Photo of the Week. The (overexposed) crescent Moon
less than a day shy of first quarter hovers over Jupiter.
Astronomy news for the week starting Friday, May 17, 2013.
The Moon begins our week in its first
quarter the night of Friday, May 17, about the time of Moonset
in North America. Look for Regulus to the north and a bit east
of it. The Moon then waxes through the
week in its gibbous phase until it hits full the night of Friday the 24th (rather
the morning of the 25th), when it will undergo a
penumbral eclipse that is so marginal it will be impossible to
see. The night of Tuesday the 21st, the Moon will lie to the
west of Spica in Virgo, while the following night it
will be to the southwest of Saturn.
'Tis the gathering of the planets once again, but close to the
northwestern horizon in evening twilight, making them difficult if
not impossible to see. But if you have a flat horizon, a
brilliantly clear sky, and some dedication (and binoculars) you
might (especially toward the end of the week) catch
Jupiter (on top),
Venus (below), and Mercury (to the right of Venus). Venus is
brightest, Jupiter next. By the end of twilight, they are gone.

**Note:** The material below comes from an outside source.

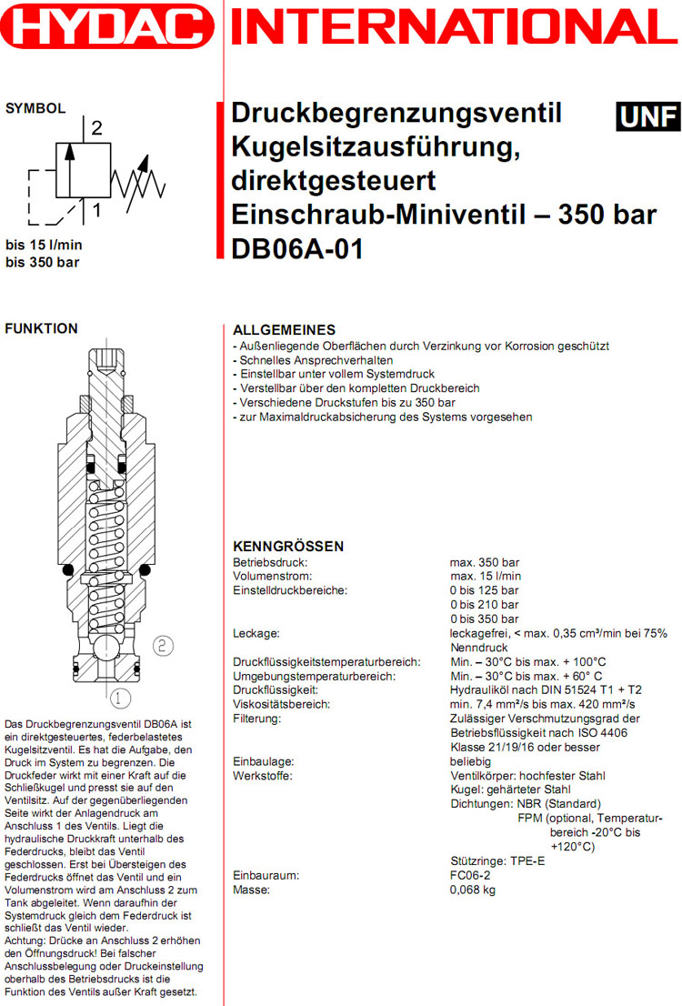 DB06A-01-C-N-180V,DB06A-01-C-N-330V,DB06A-01-C-N-500V,HYDAC直動(dòng)減壓閥
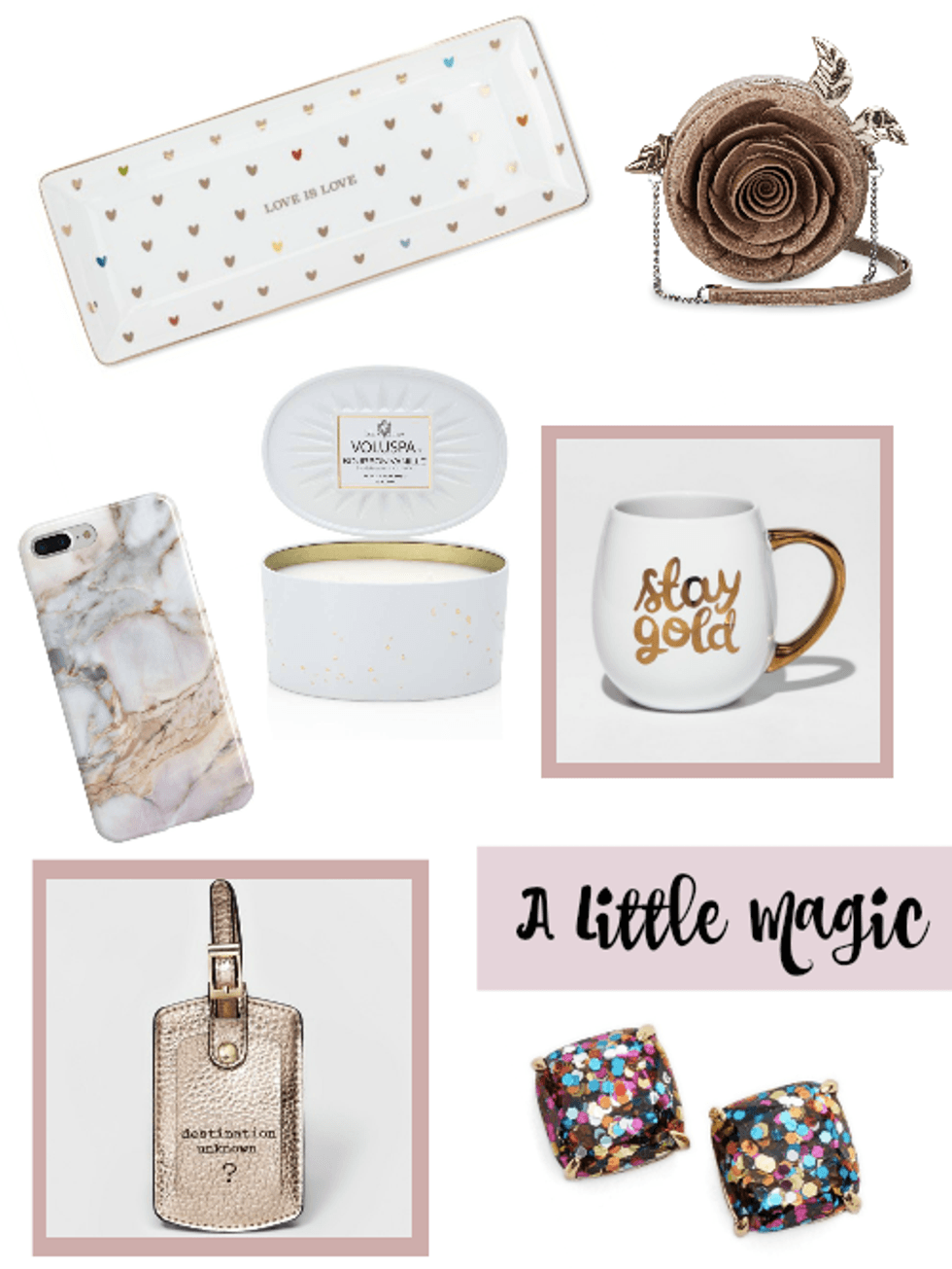 "Love is Love" Tray($19.95), Beauty and the Beast Enchanted Rose Crossbody Bag($59.95), Kate Spade Earrings ($32), "destination unknown ?" Luggage Tag ($6.99), "Stay Gold" mug, Marble Phone Case ($20.00), Voluspa French Bourbon Vanille Candle ($18.00)

As the evenings progress, Jupiter is heading down, but both Venus
and especially Mercury are heading up. Well up and to the right,
the bright star Capella in Auriga hovers over the scene.
The darkened planetary sky is left to
Saturn. Nicely up in the southeast after the sky darkens, the
ringed planet is in
retrograde, moving slowly westerly against the stars.
Saturn has now moved from Libra across the formal boundary back to into Virgo,
about 14 degrees due east of Virgo's luminary, Spica. Crossing the
meridian to the south around 11:30 PM
Daylight Time, Saturn then sets in the southwest as twilight
brightens the eastern sky. Buried within the glow is Mars, which
will not make the scene until say late July, when it rises at the
beginning of dawn.
Look down and to the right of Spica to find box-like Corvus (the Crow). Some 40 degrees
south of it and out of sight below the horizon for most Americans
(and all Canadians) is that great icon of the southern skies, Crux, the Southern Cross. From the
deep southern US, though, you can pick it up, the scene of the
Cross followed by Beta and Alpha Centauri (the closest star)
especially good from Hawaii. Directly below Spica and near the
horizon for most of us sprinkle the stars of northern Centaurus.